REQUIREMENT >>
Only the lines in the entries below from the line with "Young man with" to the line with "党子晨:2021级足球赌注网", both included, belong in the answer, transcribed exactly and without pictures.
───── EXERCISE MATERIAL
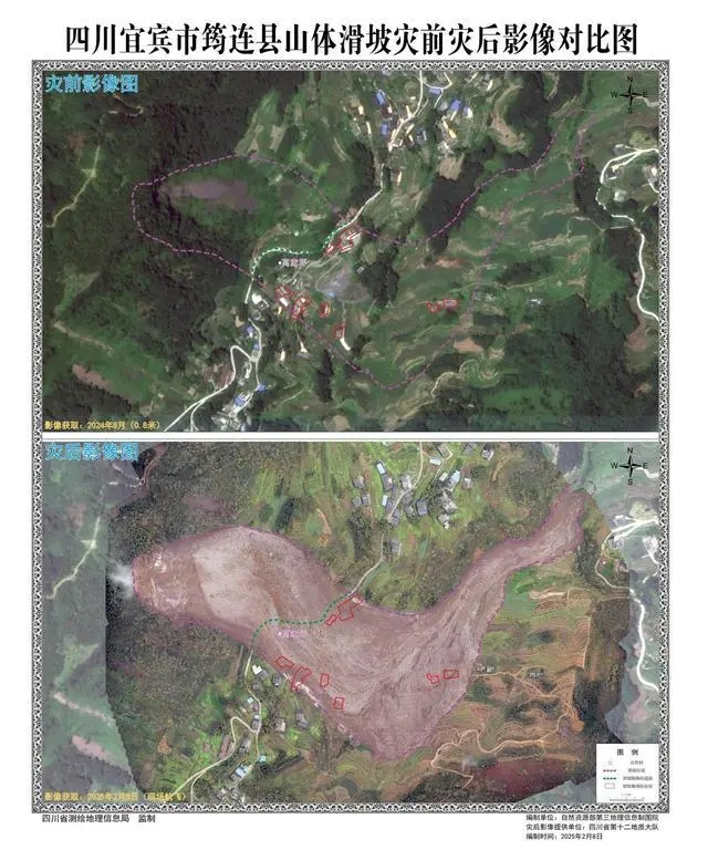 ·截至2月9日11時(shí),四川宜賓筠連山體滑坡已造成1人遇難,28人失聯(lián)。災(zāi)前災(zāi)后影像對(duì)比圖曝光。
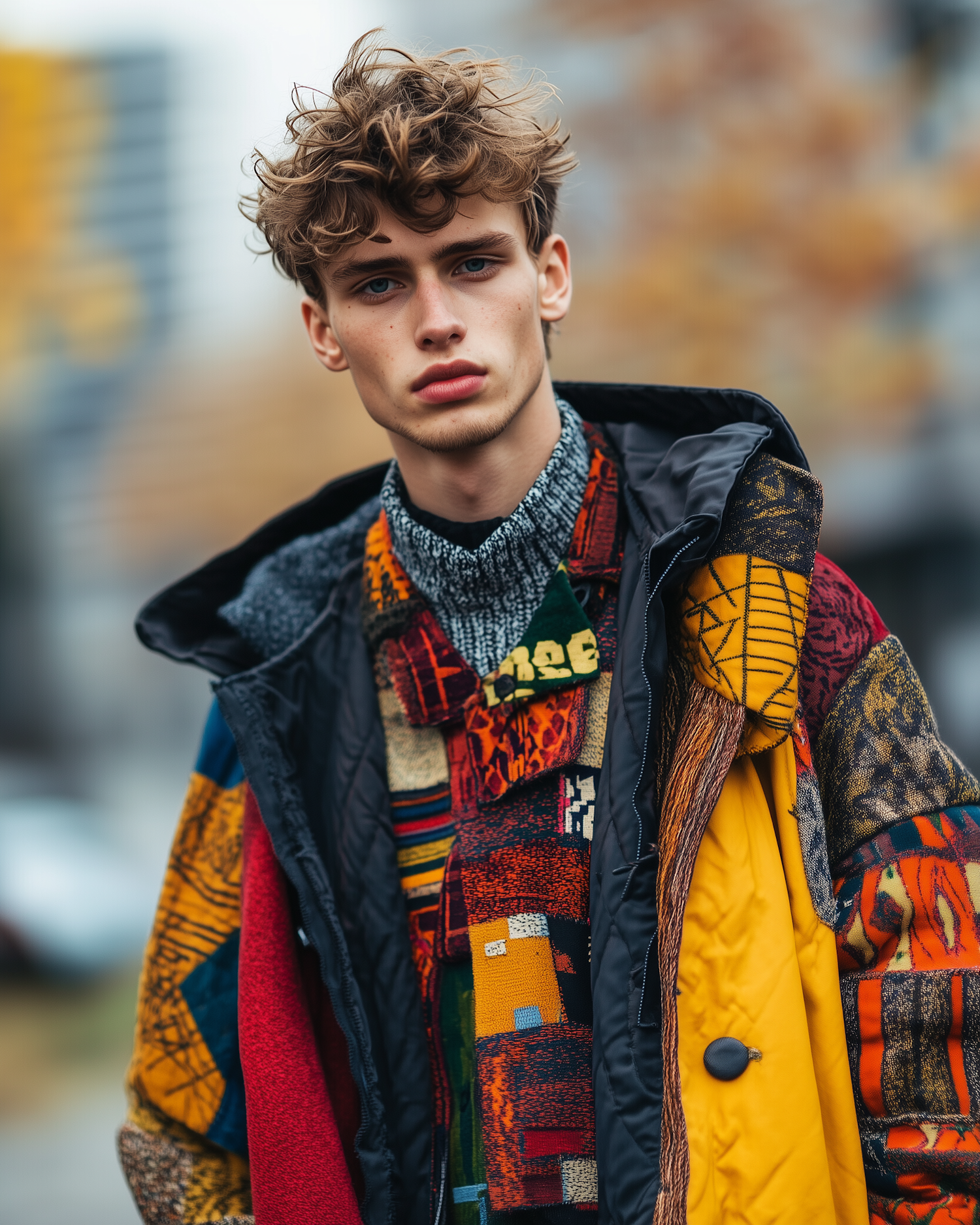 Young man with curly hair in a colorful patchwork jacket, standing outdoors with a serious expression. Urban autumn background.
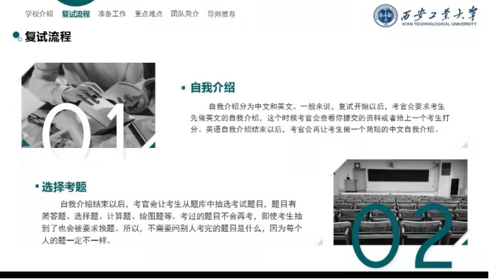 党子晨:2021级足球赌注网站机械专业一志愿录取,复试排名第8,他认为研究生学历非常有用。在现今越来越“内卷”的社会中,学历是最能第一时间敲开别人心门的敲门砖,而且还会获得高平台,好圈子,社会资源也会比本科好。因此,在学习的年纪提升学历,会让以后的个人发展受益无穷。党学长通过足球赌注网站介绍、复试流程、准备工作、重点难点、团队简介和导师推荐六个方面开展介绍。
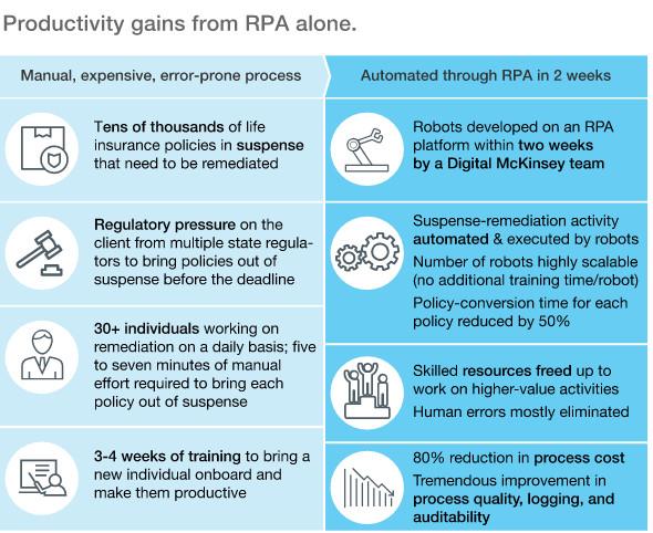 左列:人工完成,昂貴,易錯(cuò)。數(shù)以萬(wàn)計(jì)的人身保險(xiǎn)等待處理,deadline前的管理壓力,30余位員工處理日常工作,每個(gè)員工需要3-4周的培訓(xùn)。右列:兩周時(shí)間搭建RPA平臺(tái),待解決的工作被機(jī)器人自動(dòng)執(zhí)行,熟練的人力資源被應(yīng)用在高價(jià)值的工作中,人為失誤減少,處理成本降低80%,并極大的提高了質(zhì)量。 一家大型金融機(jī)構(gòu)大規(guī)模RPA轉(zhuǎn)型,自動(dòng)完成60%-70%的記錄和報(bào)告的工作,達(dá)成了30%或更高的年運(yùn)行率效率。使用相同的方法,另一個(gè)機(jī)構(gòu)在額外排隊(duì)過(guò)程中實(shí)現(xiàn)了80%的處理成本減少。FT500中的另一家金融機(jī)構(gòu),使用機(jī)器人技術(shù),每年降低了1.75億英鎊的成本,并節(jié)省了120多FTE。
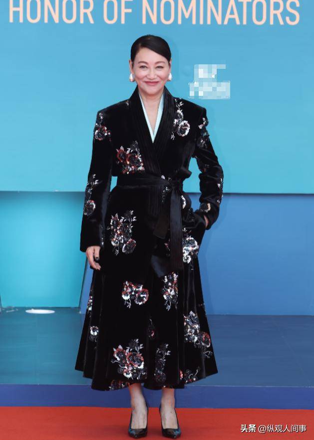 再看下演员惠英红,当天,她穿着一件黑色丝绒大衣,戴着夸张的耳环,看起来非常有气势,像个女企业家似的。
──────────
RESULT OF THE EXERCISE >>
 Young man with curly hair in a colorful patchwork jacket, standing outdoors with a serious expression. Urban autumn background.
 党子晨:2021级足球赌注网站机械专业一志愿录取,复试排名第8,他认为研究生学历非常有用。在现今越来越“内卷”的社会中,学历是最能第一时间敲开别人心门的敲门砖,而且还会获得高平台,好圈子,社会资源也会比本科好。因此,在学习的年纪提升学历,会让以后的个人发展受益无穷。党学长通过足球赌注网站介绍、复试流程、准备工作、重点难点、团队简介和导师推荐六个方面开展介绍。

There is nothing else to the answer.